Bill Ayres is a radio talk show host and Executive Director and co-founder of World Hunger Year (WHY).

Ayres became a Catholic priest for the Archdiocese in New York in 1966, but always had a fondness for radio broadcasting. He began hosting and producing a weekly radio talk show on NY Radio WPLJ 95.5FM in 1973[1], on which he has taken thousands of calls and offered advice about personal, relational, spiritual and social values.[2][3]

He served for 10 years at St. Joseph's Church in Babylon until 1979. He resigned from the active priesthood in the early 1980's and focused on charitable work full-time.

[edit] World Hunger Year

In 1975, Ayres and his close friend, folksinger and songwriter Harry Chapin, saw a pressing need to aid the impoverished with basic needs such as food. They began World Hunger Year, an organization with a stated mission to defeat hunger through charity, using grassroots efforts and rallying celebrities and leaders to help promote the cause.[3][4]

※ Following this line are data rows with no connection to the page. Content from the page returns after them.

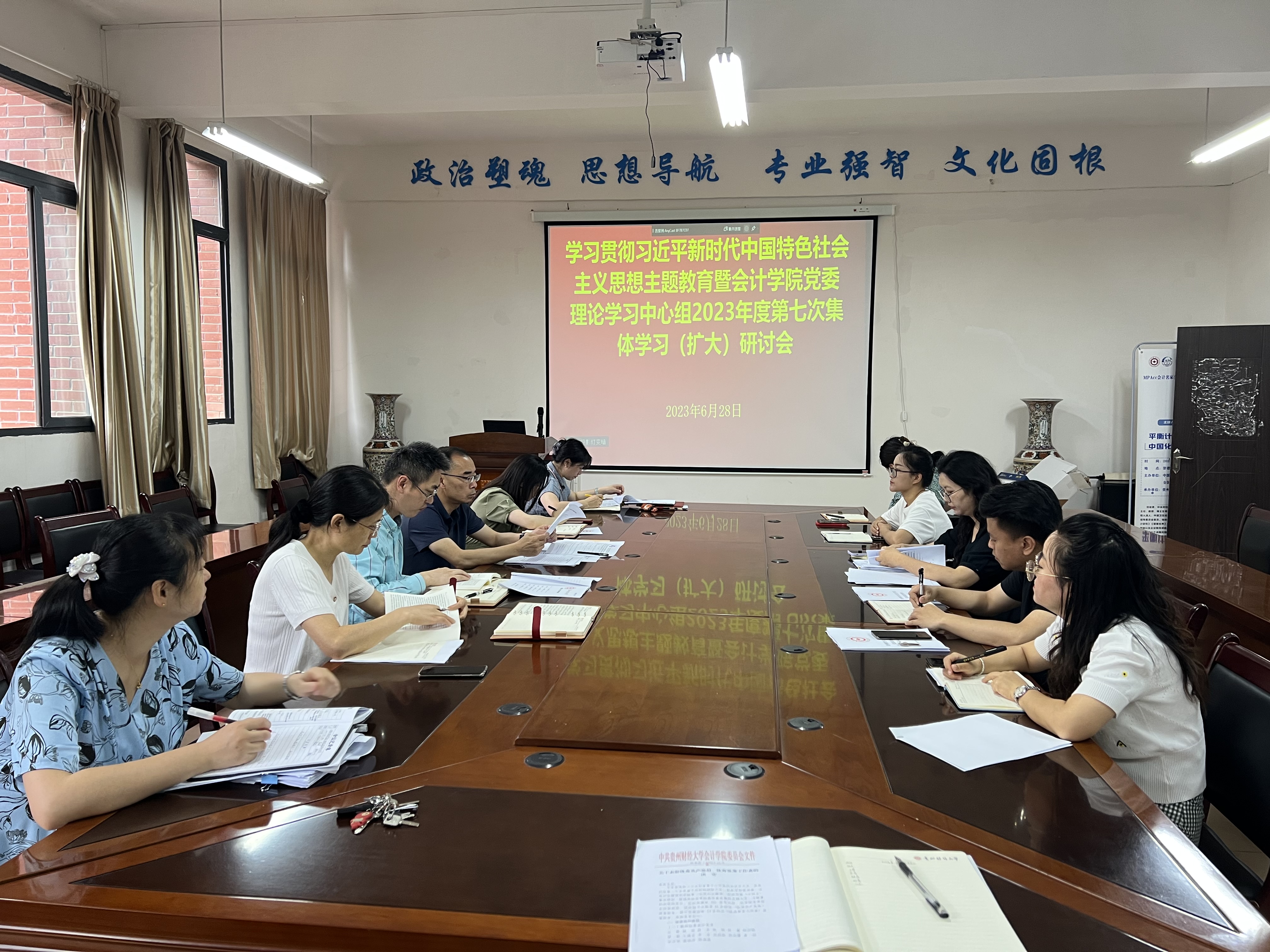 6月28日,2138cc太阳集团官网入口党委在崇德楼206会议室召开学习贯彻习近平新时代中国特色社会主义思想主题教育暨党委理论学习中心组2023年度第七次集体学习(扩大)研讨会。公司党委班子成员、副科级以上干部及党支部书记参加会议,公司党委书记聂永刚主持会议。
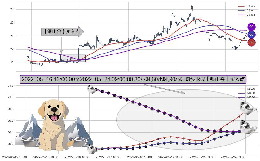⚀ 2022-05-16 14:00:00-小时至2022-05-24 09:00:00-小时显现 30小时-60小时-90小时均线 【银山谷】买入点 看多信号,后市看涨,买入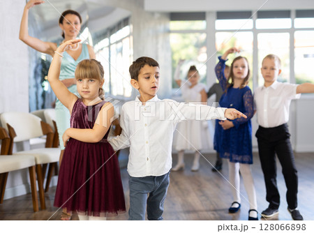 Preteen children in elegant outfits practicing partner dance in Christmas studio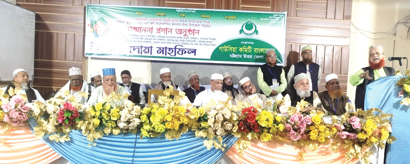 গাউসিয়া কমিটি বাংলাদেশ, চট্টগ্রাম উত্তর জেলার ওফাতপ্রাপ্ত সাবেক নেতৃবৃন্দের ্লস্মরণ সভায় আনজুমান ট্রাস্ট’র সেক্রেটারি জেনারেল আলহাজ মোহাম্মদ আনোয়ার হোসেন বলেছেন, গাউসিয়া কমিটি একটি আধ্যাত্মিক সংগঠন, যে সংগঠনের কর্মী ও সদস্যগণ আনজুমান ট্রাস্ট কর্তৃক সারা দেশে পরিচালিত দ্বীনি মাদ্রাসা সমূহের সার্বিক সহযোগিতায় নিরলসভাবে কাজ করে যাচ্ছেন। দ্বীনের সেবায় যারা কাজ করেন, তারা দুনিয়া ও আখিরাত উভয় জগতে সফলকাম। চট্টগ্রাম উত্তর জেলার সাবেক সভাপতি আলহাজ আমিনুর রহমান, আলহাজ্ব আনোয়ারুল আজিম চৌধুরী, আবদুস্ শুক্কুর, খোন্দকার সিরাজুল ইসলাম, মাওলানা কাজী আজিজুল হক, মুছা চৌধুরী, আবু মনছুর, নুরুল আমিন সওদাগর আনজুমান জামেয়ার জন্য বহু ত্যাগ স্বীকার করেছেন। তাঁরা আজীবন স্মরণীয় হয়ে থাকবেন। গত ২২ ডিসেম্বর সন্ধ্যা ৬টায় জামেয়া আহমদিয়া সুন্নিয়া কামিল মাদরাসা অডিটরিয়ামে আয়োজিত সভায় সভাপতিত্ব করেন চট্টগ্রাম উত্তর জেলা গাউসিয়া কমিটির আহ্বায়ক মাওলানা ইয়াসিন হোসাইন হায়দারী।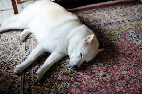 산책후. 노곤해진 몸.. 편안하게 자고 있어요.
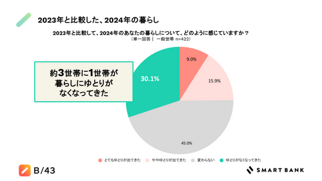 2023年と比較して2024年の暮らしについてどう感じているかを質問したところ、「とてもゆとりが出てきた」が9.0%、「ややゆとりが出てきた」が15.9%、「変わらない」が45.0%という結果になりました。「ゆとりがなくなってきた」と回答した人は30.1%となり、約3世帯に1世帯が「暮らしにゆとりがなくなってきた」と実感していることが分かりました。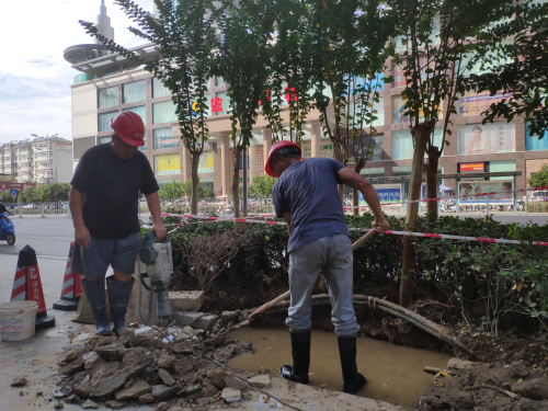 9月9日,我們跟隨搶修車(chē)輛來(lái)到了今天的第一站:乾坤商務(wù)酒店門(mén)口,由于管道漏水,現場(chǎng)不斷有水從地底滲出,加上地點(diǎn)特殊我們搶修工只能用鐵鍬等工具將道路破開(kāi),再找出破損位置,對管道進(jìn)行更換維護處理。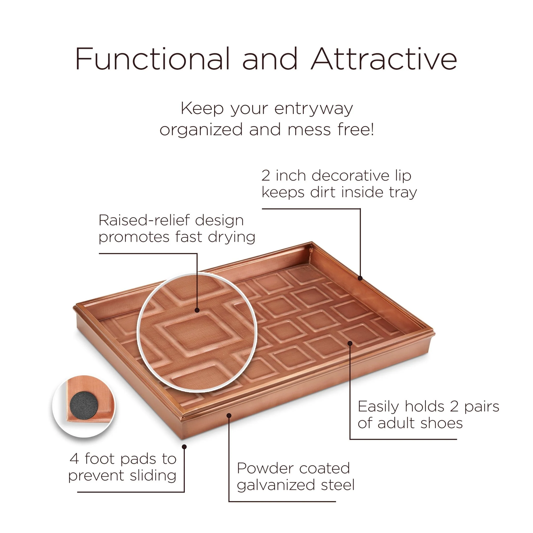 This multi-purpose boot tray is as versatile as it is attractive! Our customers use it for shoes in the entryway or mudroom to keep floors clean; as an attractive home for potted plants; or as a neat, no-mess zone for pet bowls. Pads on bottom prevent sliding. Dimensions: 20"L x 14"W x 2"H.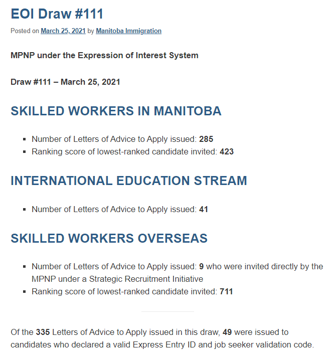 曼省畢業(yè)生類別--快速通道(即符合緊缺、專業(yè)相關、CLB7這三個條件,可以達到“畢業(yè)即提名”標準的申請人)沒有評分要求和限制,本次邀請人數(shù)41人。相比上輪邀請人數(shù)增加6人。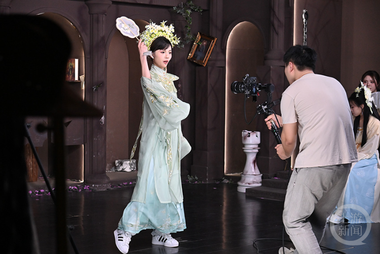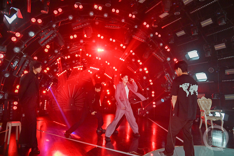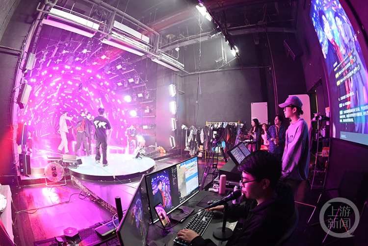 在多功能直播间,网络主播正在进行舞蹈表演。
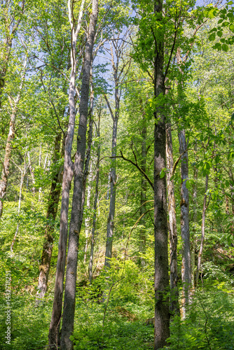 Naklejka premium Lush green tree canopies in a deciduous forest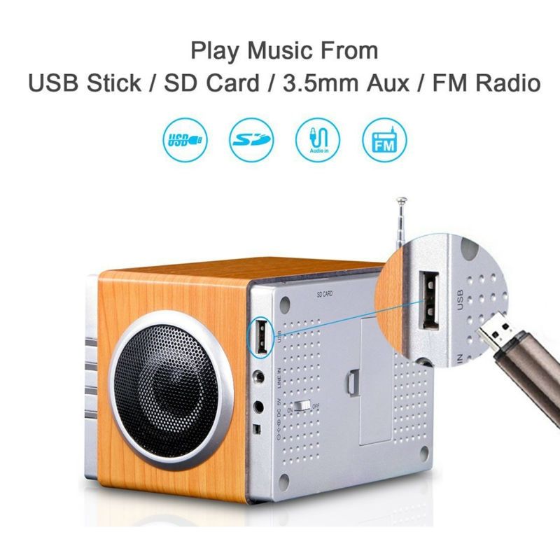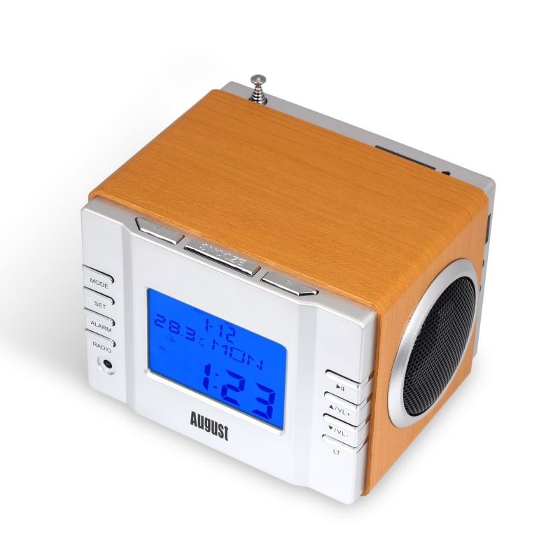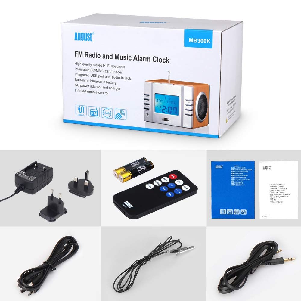 1X August MB300 Wood Mini Portable Radio Receiver with MP3 Player FM Radio USB In/Aux IN/SD Card/Alarm Clock Speakers Rechargeable
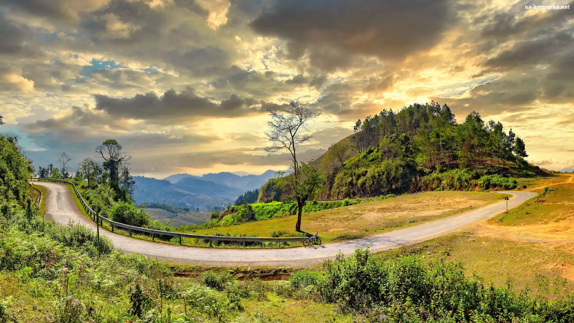 Góry, Drzewa, Niebo, Droga, Chmury Łąka na Komórkę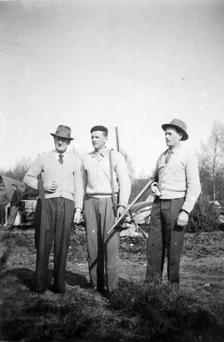 Bröderna Nils, Paul och Gösta Johansson på jaktstig.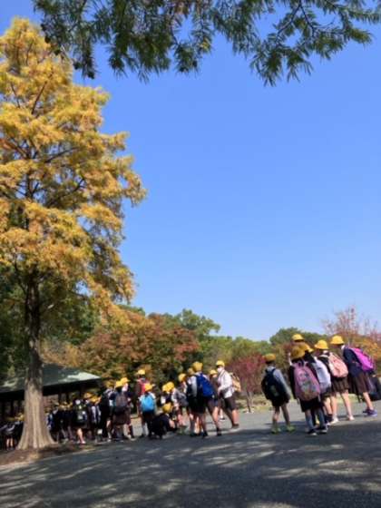 植物園などをたてわり班で回っています。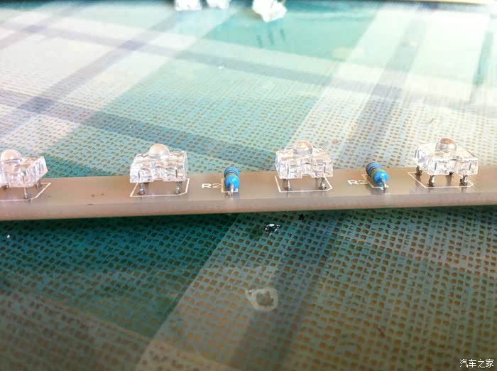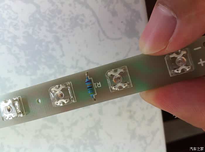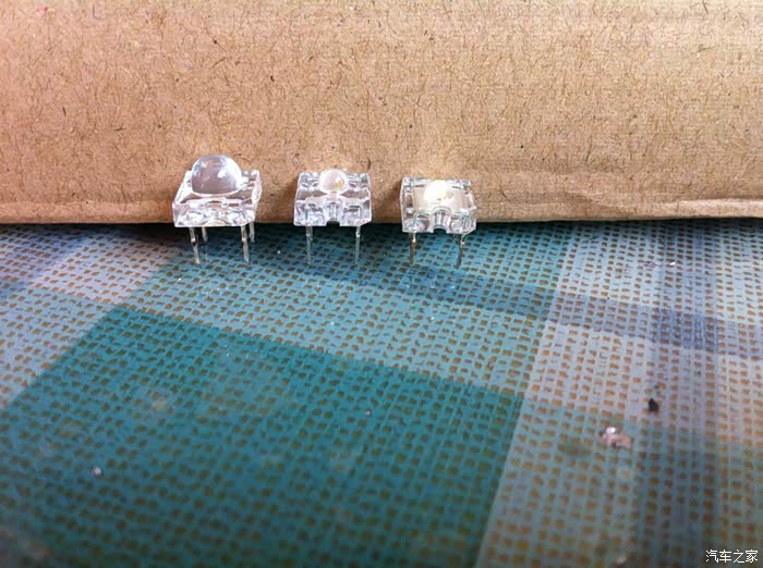接回车上,可能是不同批次、不同厂家的的原因,新换上的LED灯珠比原厂的还亮。照片里上面2个是原厂的,下面3个是新换的。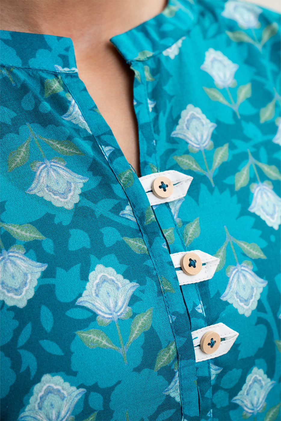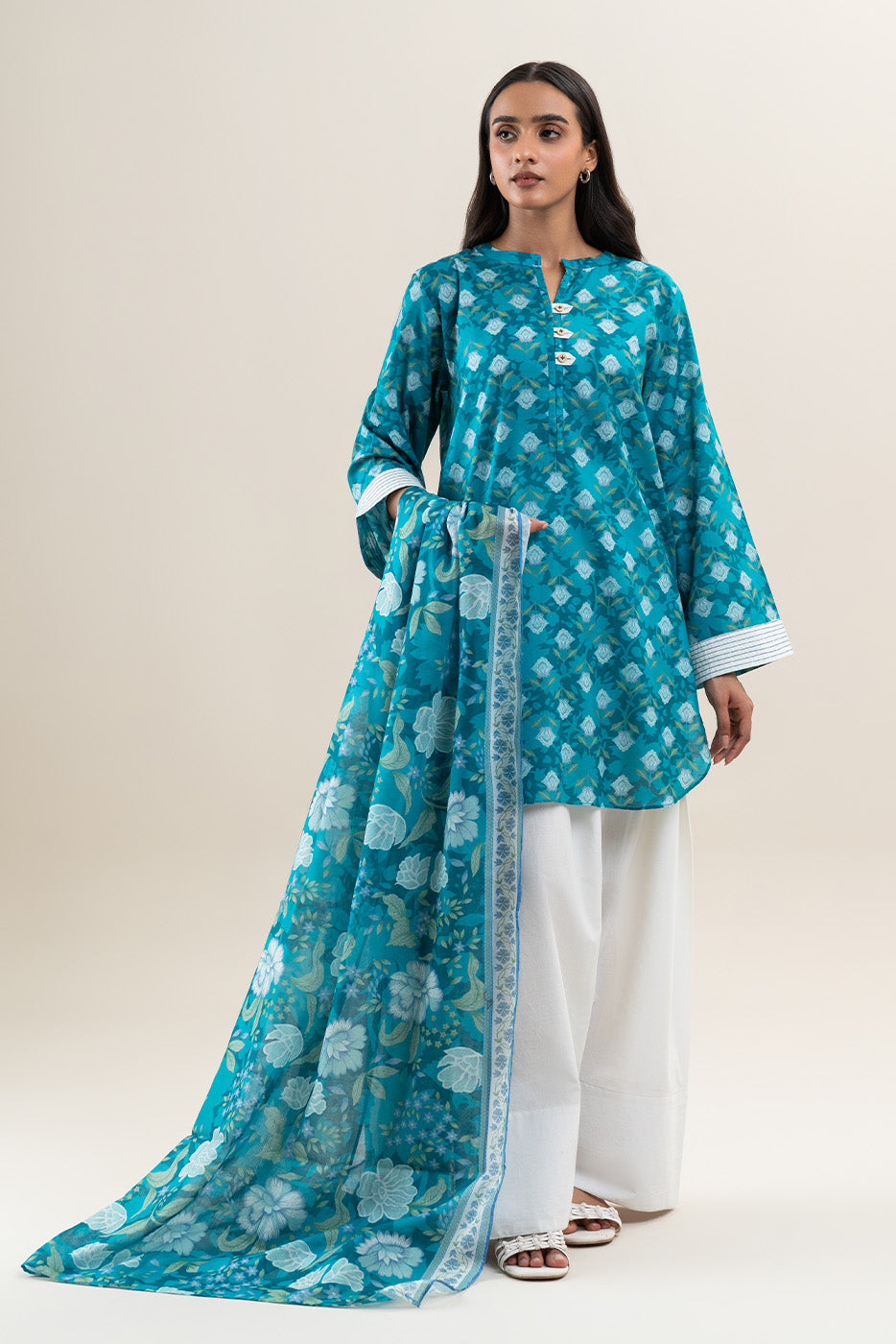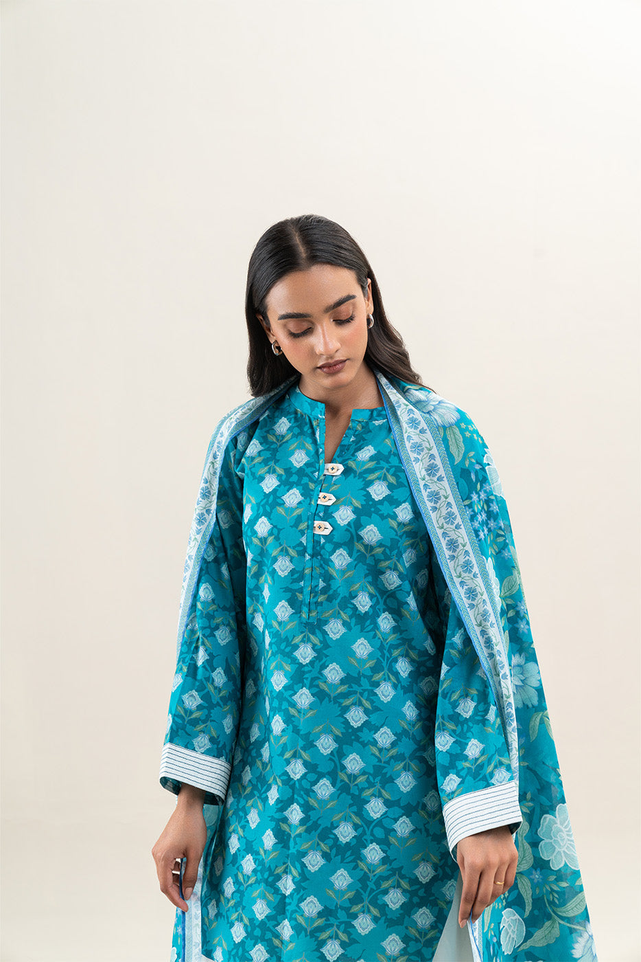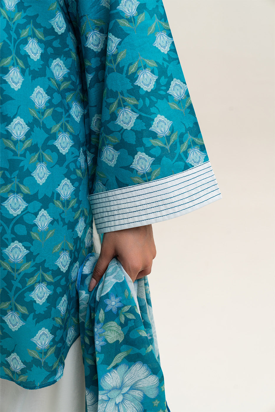 2 PIECE PRINTED LAWN SUIT-TEAL HUES (UNSTITCHED)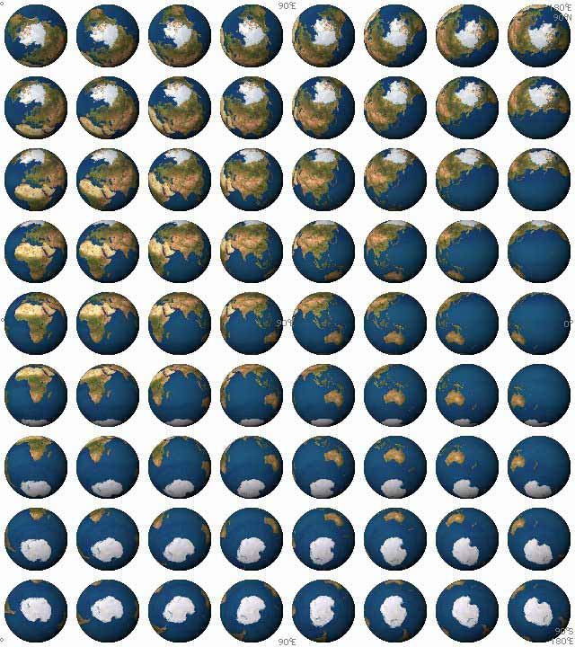 The thumbnails below are arranged by longitude, left to right from 0 degrees to 180 degrees East, in increments of 22.5 degrees rotation. Latitude is arranged top to bottom from 90 degrees North to 90 degrees South, in increments of 22.5 degrees. Click here to return to 180 degrees West longitude to 0 degrees view or scroll back up this page. View sample image.

Ayres has served as Executive Director since 1983. Ayres and Chapin believed that solutions to hunger and poverty are found through long-term solutions, like supporting community-based organizations that empower individuals and build self-reliance.[5].

Ayres has spun off two other national hunger coalitions, The Medford Group of national hunger organizations and the National Jobs for All Coalition. He is also a board member of Long Island Cares, Long Island's food bank.

He is the co-author of the book All You Need is Love: And 99 Other Life Lessons From Classic Rock Songs with radio colleague Pete Fornatale[6].

He resides in Huntington, Long Island, New York with his wife Jeannine. He has two daughters, Michelle born in 1981 and Suzanne, born in 1985.